In order for diversity jurisdiction to attach, the amount in controversy must exceed $75,000. 28 U.S.C. § 1332. In determining the requisite jurisdictional amount, both punitive damages and attorneys' fees are considered. State of Missouri, ex rel. Pemiscot County, Missouri v. Western Surety Co., at 173; Larkin v. Brown, at 388-89; Allison, et al. v. Security Benefit Life Ins. Co., at 1215; Capitol Indem. Corp. v. Miles, 978 F.2d 437, 438 (8th Cir.1992); Visintine v. Saab Automobile A.B., et al., at 487. In considering the inclusion of punitives in the computation of the jurisdictional amount, the "existence of the required amount must be supported by competent proof." Larkin, at 388-89 quoting Esler v. Northrop Corp., 86 F.R.D. 20, 28 (W.D.Mo.1979). A claim for punitive damages must be more closely scrutinized than a claim for actual damages in order to "ensure that Congress's [sic] limits on diversity jurisdiction are properly observed." Pemiscot County, at 173; see also, Larkin, at 389; Visintine, at 498.
Finally, the "well-pleaded complaint" rule requires that the basis of federal jurisdiction appear from the fact of the complaint and not from the plaintiff's anticipation of defenses or the defendant's responsive pleadings. Reding v. FDIC, 942 F.2d 1254, 1257 (8th Cir. 1991). Any doubts about the validity of removal jurisdiction must be resolved in favor of remand of the action to state court. In re Business Men's Assurance Co. of America, 992 F.2d 181, 183 (8th Cir.1993).

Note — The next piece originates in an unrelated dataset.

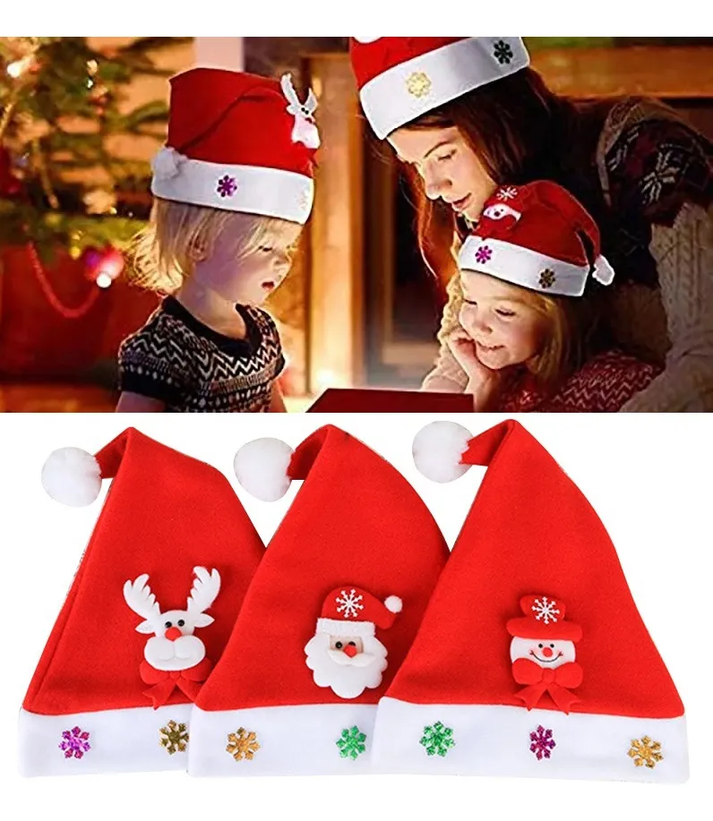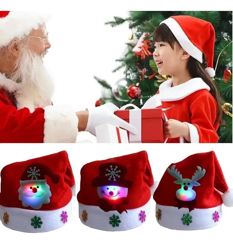 Haz que esta temporada brille con nuestros gorros navideños clásicos, diseñados para encender sonrisas y corazones. Con adorables figuras de Santa Claus, Muñeco de Nieve y Reno, estos gorros son el accesorio perfecto para niños y adultos que quieren celebrar con alegría, color y un toque de luz.

After careful consideration of the matter, in accordance with the afore-referenced legal principles, this Court determines that defendant has failed to meet its burden in establishing diversity jurisdiction and that this action should be remanded to the state court.
Defendant Paradigm asserts that the jurisdictional amount has been met by virtue of another dispute currently being arbitrated. It asserts that no contract exists between plaintiff and defendant but rather the only contract bearing on this dispute exists between plaintiff and another entity known as Tri-State Insurance Co. Furthermore, defendant asserts that since the damages asserted in this other dispute involves over $400,000, then ipso facto, the dispute in this case involves at least $400,000. Finally, defendant asserts that the jurisdictional amount is met because plaintiff's claim for punitives and attorneys' fees must total over $75,000.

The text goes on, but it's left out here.